Round two: Take all of the couples that produced a girl in round one and have them produce another child. We expect half of these couples to produce a boy and the other half to produce a girl.

Continue this process ad infinitum (I am of course using the approximation that the population is continuous).

We need to calculate the total number of girls and the total population after this process.

Total Population:

The total population is the initial population + the children that were produced,

ptot = p0 + pchildren

To count up the children we look at the children the couples produced in the child bearing process. Half of the couples produced 1 child (a boy), a quarter of the couples produced 2 children (a girl then a boy), an eighth of the couples produced 3 children (two girls and a boy), ….

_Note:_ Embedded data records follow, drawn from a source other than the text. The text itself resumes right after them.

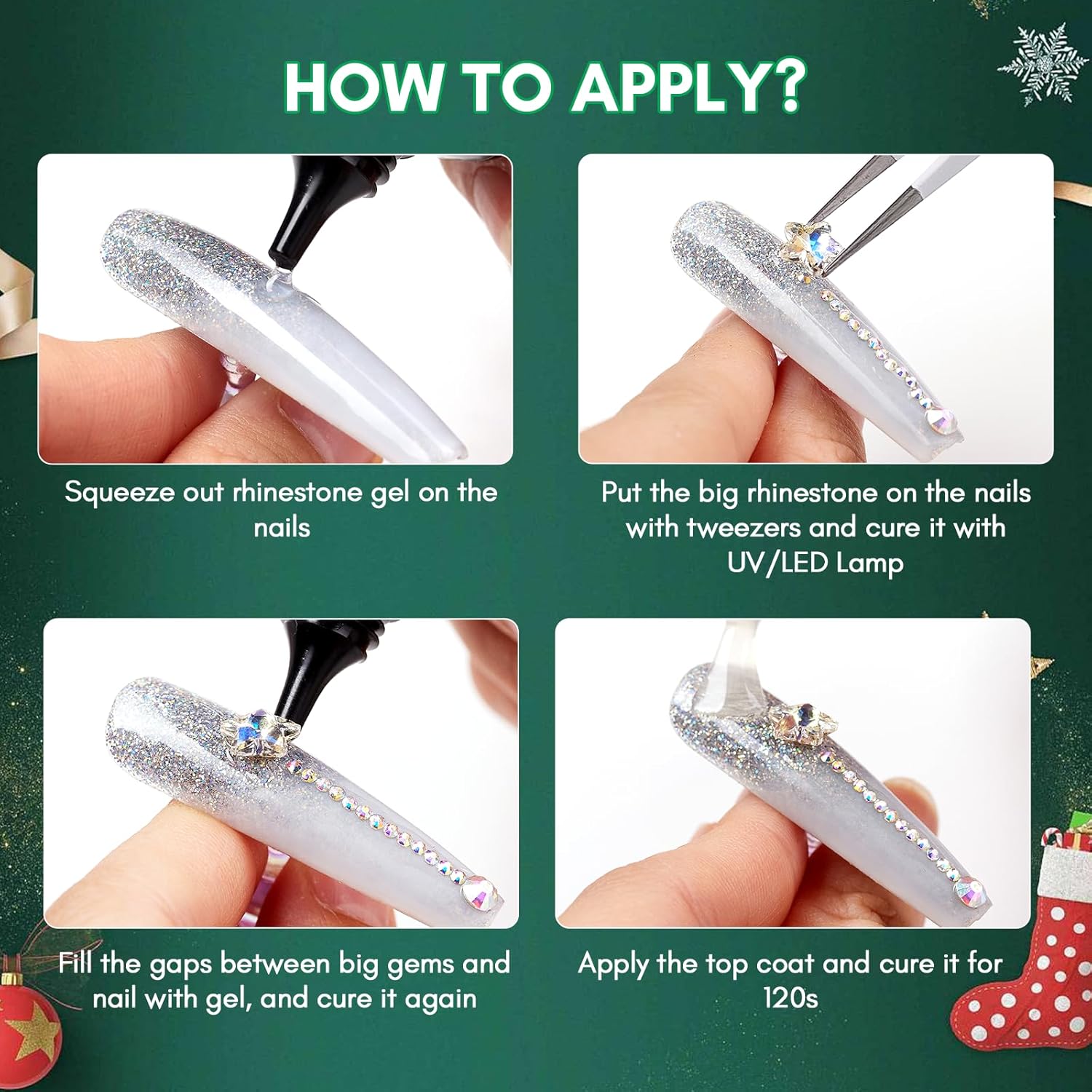 - Easy Application: Suitable for artificial nails, press-on nails, mobile decorations, and more. Start by applying the rhinestone glue on your nail, then use the tweezers to place your desired Christmas charm on the nail, filling gap between the nail and the charm. Cure with a UV or LED lamp, then apply a top coat for a more durable and long-lasting effect.(Note: The set does not include rhinestone glue gel)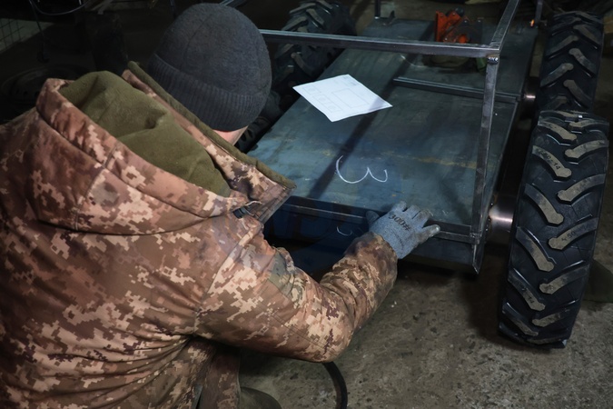 Khartia Battalion fighters build platforms for ground robotic systems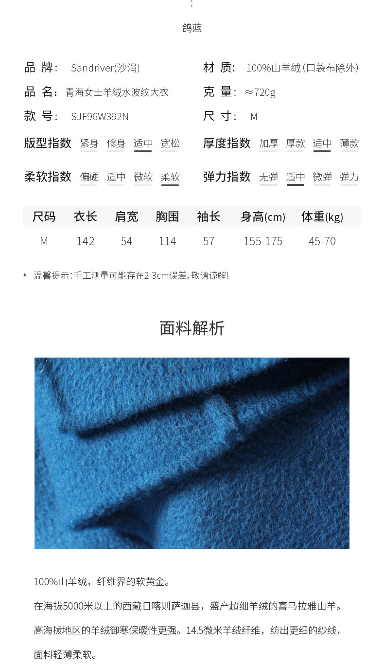 历年在巴黎时装周亮相,享誉世界的艺术羊绒品牌[Sandriver 沙涓]由羊绒布道者郭秀玲女士创立。阿拉善自有牧场纯种羔羊绒,日本国宝设计师小筱顺子,上海自有基地精工细作。承载羊绒情怀,坚持匠人品质。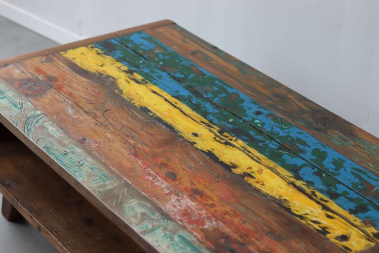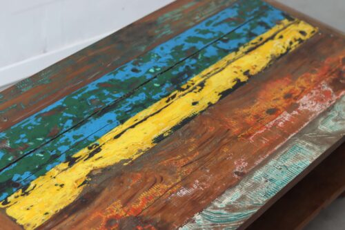 Deze retro salontafel is handgemaakt van oud boothout dat jarenlang de zeeën rond Bali trotseerde. De kleurrijke verflagen zijn laag op laag ontstaan door tientallen jaren onderhoud, gebruik en zon. Ze werden niet bedacht, ze zijn ontstaan. Van okergeel tot oceaanblauw, van verweerd rood tot vergrijsd hout: elk kleurvlak heeft een eigen verleden, zichtbaar in de nerven en verweerde texturen.
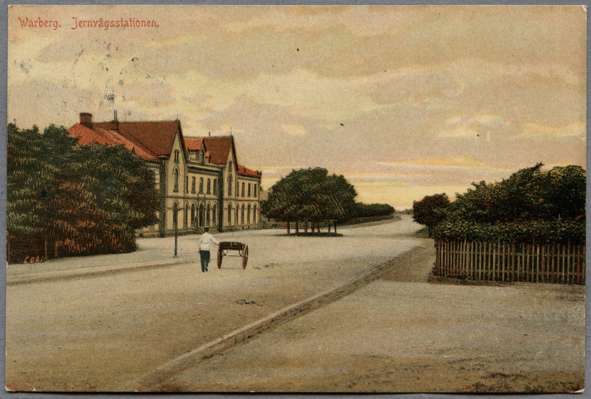 Titel: Gatuvy i Varberg med stationshus i bakgrunden runt sekelskiftet.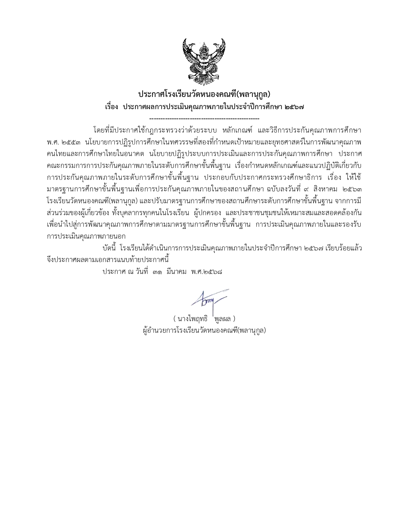 ประกาศโรงเรียนวัดหนองคณฑี(พลานุกูล) เรื่อง ประกาศผลการประเมินคุณภาพภายใน ประจำปีการศึกษา 2567 ระดับปฐมวัย และระดับการศึกษาขั้นพื้นฐาน ลงวันที่ 31 มีนาคม 2568

pchildren = (1/2^1)*pcouples*1 + (1/2^2)*pcouples*2 + (1/2^3)*pcouples*3 + …

= pcouples * sum from 1 to infty of n*(1/2)^n

= 2*pcouples

therefore ptot = p0 + 2pcouples

Total Number of Girls:

The total number of girls is the initial number of girls + children that were girls,

pg = g0 + pgirl/child

By a similar process we count the number of children that were girls. Half of the couples produced 0 girls (1 boy), a quarter of the couples produced 1 girls (a boy and a girl), an eighth produced 2 girls (a boy and 2 girls), ….

pgirl/child = (1/2^1+0)*pcouples*0 + (1/2^1+1)*pcouples*1 + (1/2^1+2)*pcouples*2 + …

= (1/2) * pcouples * sum from 0 to infty of n*(1/2)^n

= (1/2) * pcouples * sum from 1 to infty of n*(1/2)^n

= (1/2 * pcouples * 2

= pcouples

therefore pg = g0 + pcouples

Finally,

Rg = pg / ptot = (g0 + pcouples) / (p0 + 2*pcouples)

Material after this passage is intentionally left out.